Your instructions: For the records below, output word for word the lines from the one with "브라스(황동) 소재로 제작된" up to and including the one with "Imagine days filled". No pictures.

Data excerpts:
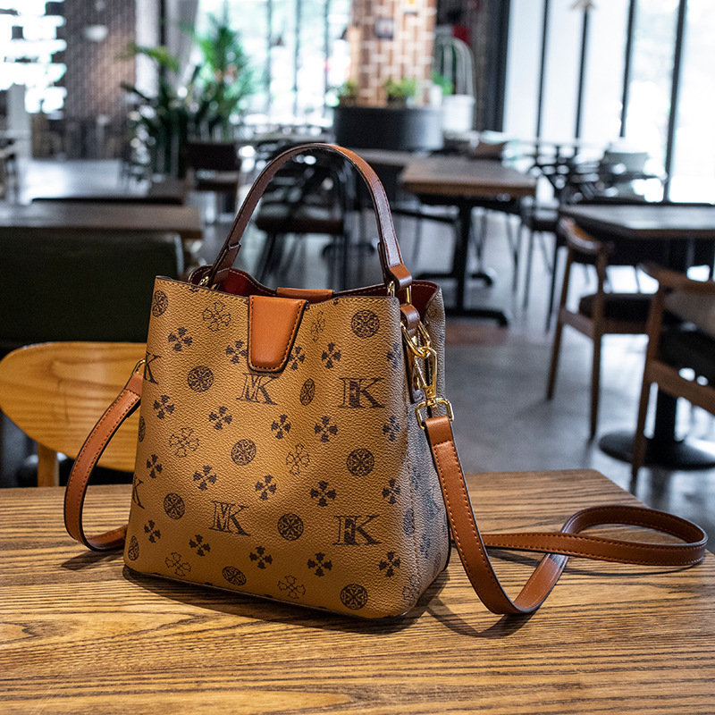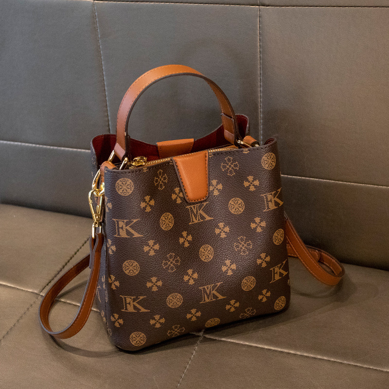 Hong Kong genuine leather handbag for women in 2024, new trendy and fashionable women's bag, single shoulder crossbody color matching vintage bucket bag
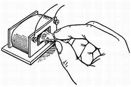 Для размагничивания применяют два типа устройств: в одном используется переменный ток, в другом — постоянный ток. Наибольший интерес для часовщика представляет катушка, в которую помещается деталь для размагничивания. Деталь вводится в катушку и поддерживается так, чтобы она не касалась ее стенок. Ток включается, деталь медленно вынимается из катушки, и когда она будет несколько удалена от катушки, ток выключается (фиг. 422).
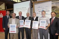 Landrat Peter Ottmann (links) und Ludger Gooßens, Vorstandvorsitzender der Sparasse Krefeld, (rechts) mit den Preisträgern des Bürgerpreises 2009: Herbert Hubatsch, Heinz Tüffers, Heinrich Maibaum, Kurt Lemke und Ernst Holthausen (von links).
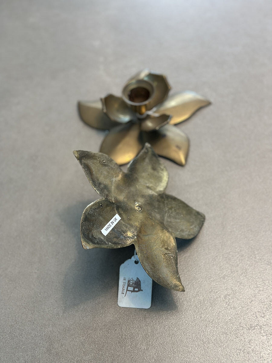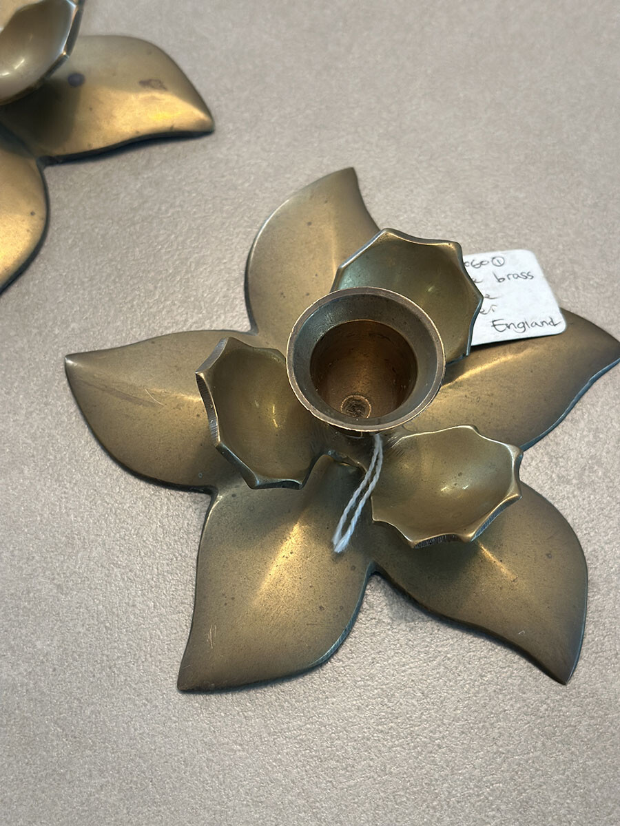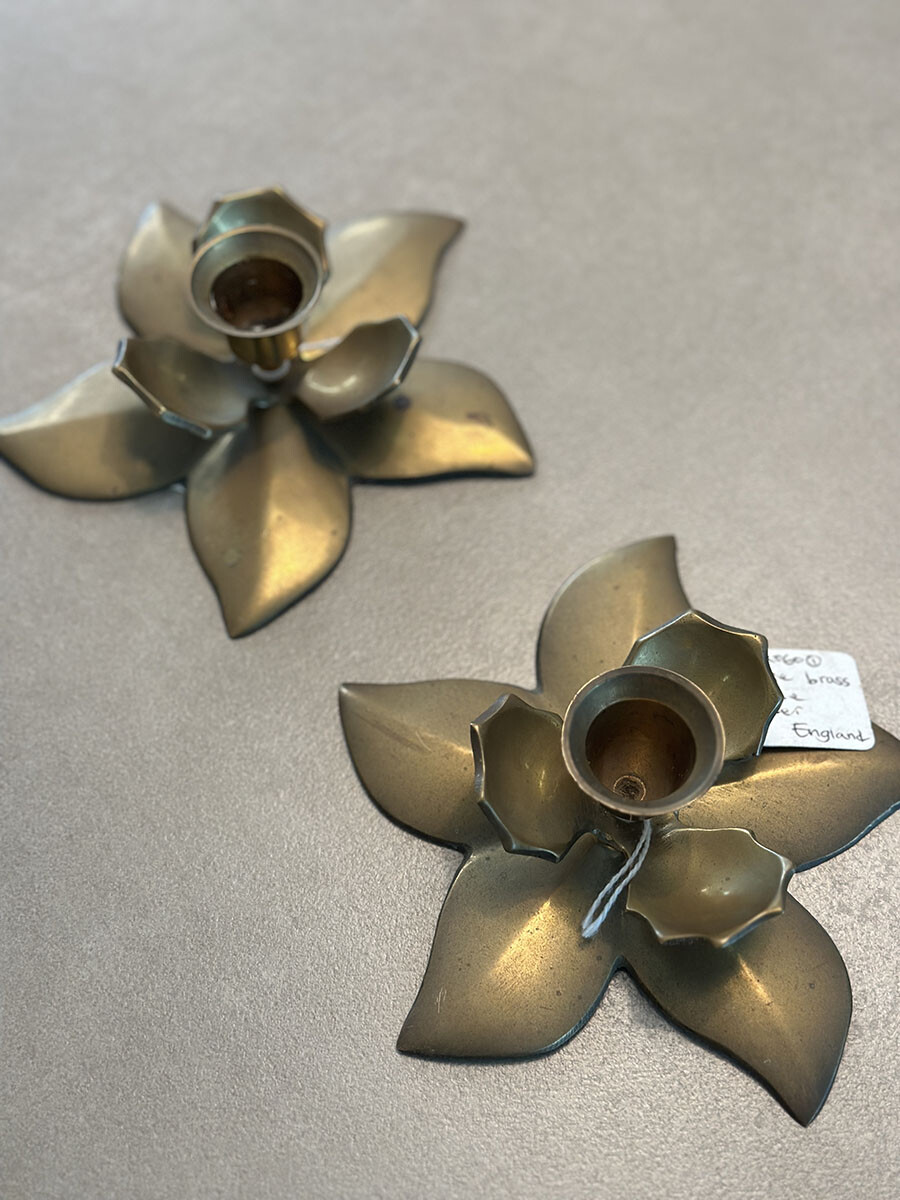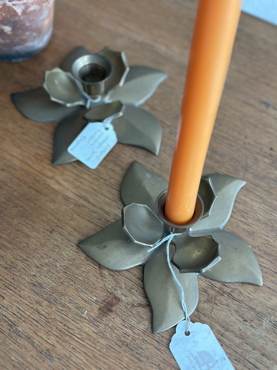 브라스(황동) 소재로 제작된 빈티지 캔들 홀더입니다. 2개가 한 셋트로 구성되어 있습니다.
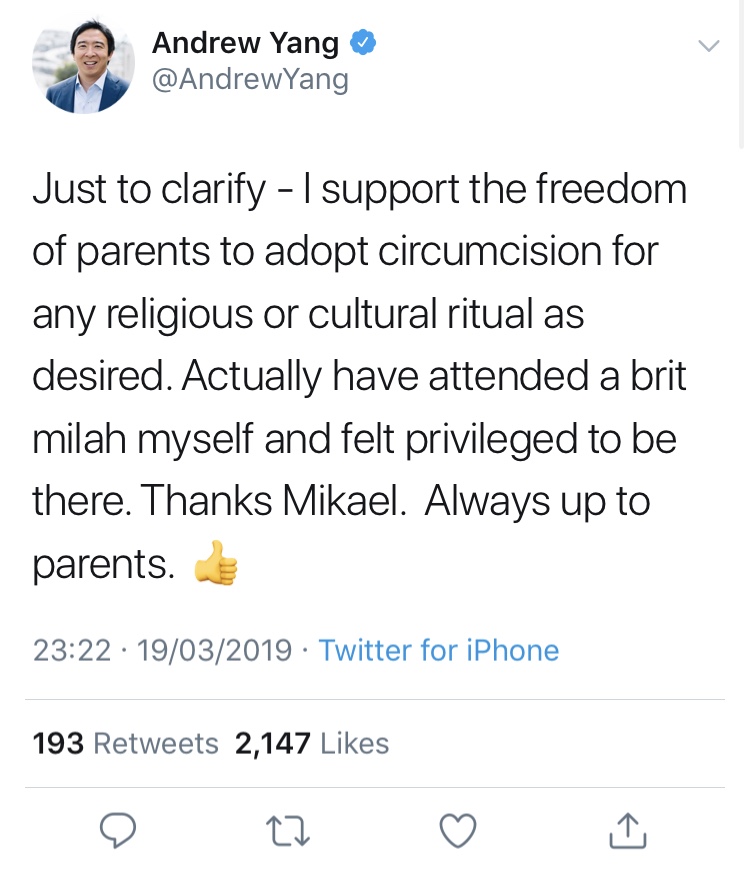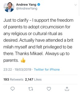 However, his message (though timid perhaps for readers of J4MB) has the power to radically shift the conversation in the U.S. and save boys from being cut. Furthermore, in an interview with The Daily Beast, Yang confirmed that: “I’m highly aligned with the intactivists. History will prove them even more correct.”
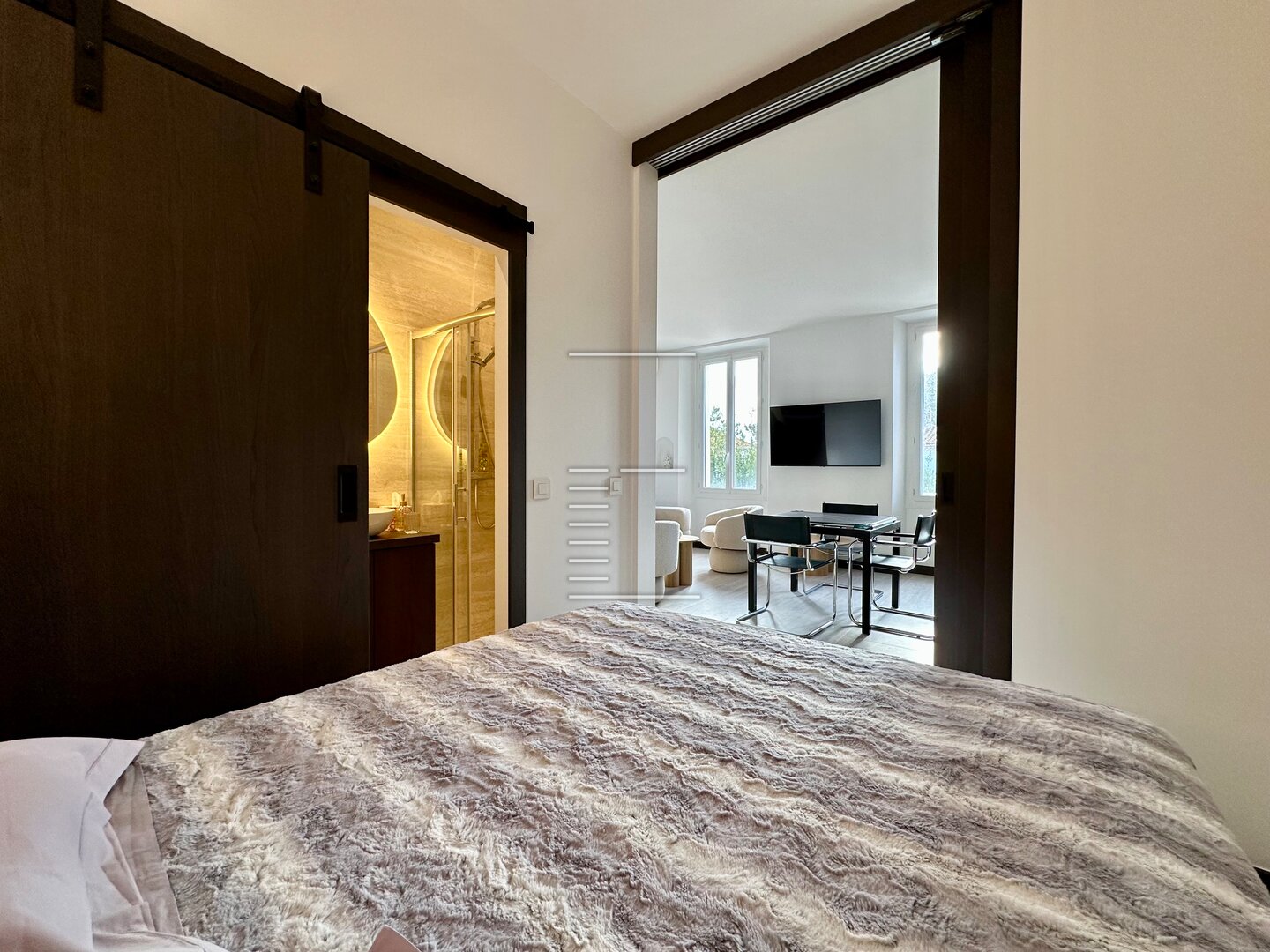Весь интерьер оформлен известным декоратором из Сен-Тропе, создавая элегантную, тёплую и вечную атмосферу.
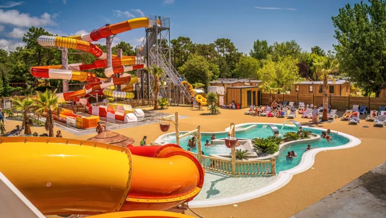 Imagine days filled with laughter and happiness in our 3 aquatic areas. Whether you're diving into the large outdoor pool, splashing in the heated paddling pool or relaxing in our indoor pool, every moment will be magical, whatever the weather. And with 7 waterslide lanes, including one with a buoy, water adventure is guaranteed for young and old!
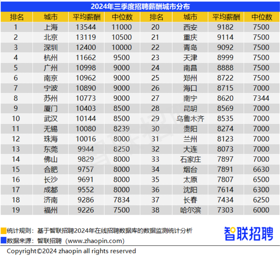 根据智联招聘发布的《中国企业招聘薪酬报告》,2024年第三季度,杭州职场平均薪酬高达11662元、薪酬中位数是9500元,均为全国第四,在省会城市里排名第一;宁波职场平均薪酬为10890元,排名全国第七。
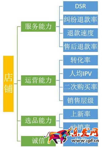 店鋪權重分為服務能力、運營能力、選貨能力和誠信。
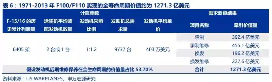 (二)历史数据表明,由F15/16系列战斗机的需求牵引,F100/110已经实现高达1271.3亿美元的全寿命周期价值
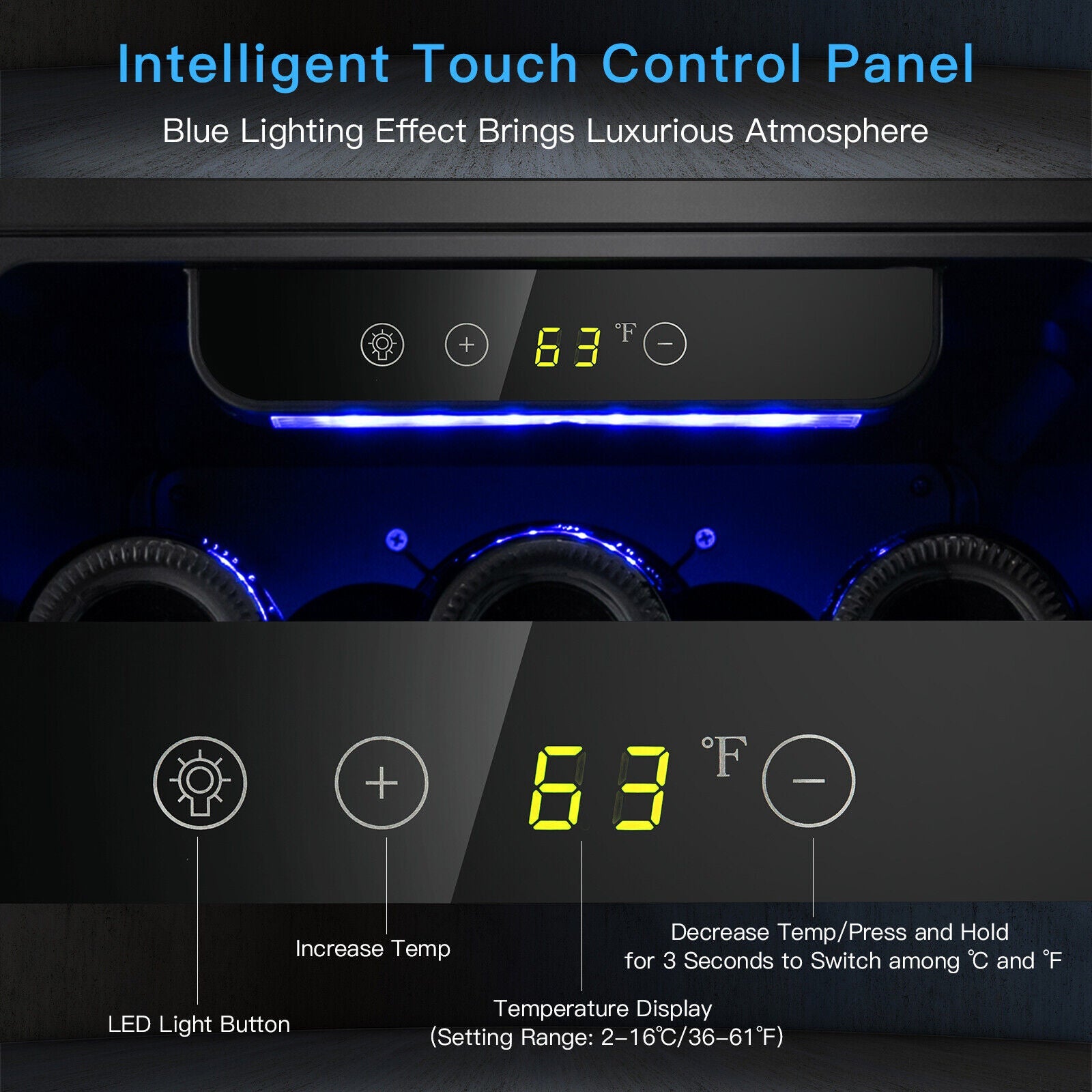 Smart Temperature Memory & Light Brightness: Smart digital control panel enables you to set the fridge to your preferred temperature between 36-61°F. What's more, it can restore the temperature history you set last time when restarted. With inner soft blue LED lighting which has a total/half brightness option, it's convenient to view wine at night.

Response:
 브라스(황동) 소재로 제작된 빈티지 캔들 홀더입니다. 2개가 한 셋트로 구성되어 있습니다.
 However, his message (though timid perhaps for readers of J4MB) has the power to radically shift the conversation in the U.S. and save boys from being cut. Furthermore, in an interview with The Daily Beast, Yang confirmed that: “I’m highly aligned with the intactivists. History will prove them even more correct.”
Весь интерьер оформлен известным декоратором из Сен-Тропе, создавая элегантную, тёплую и вечную атмосферу.
 Imagine days filled with laughter and happiness in our 3 aquatic areas. Whether you're diving into the large outdoor pool, splashing in the heated paddling pool or relaxing in our indoor pool, every moment will be magical, whatever the weather. And with 7 waterslide lanes, including one with a buoy, water adventure is guaranteed for young and old!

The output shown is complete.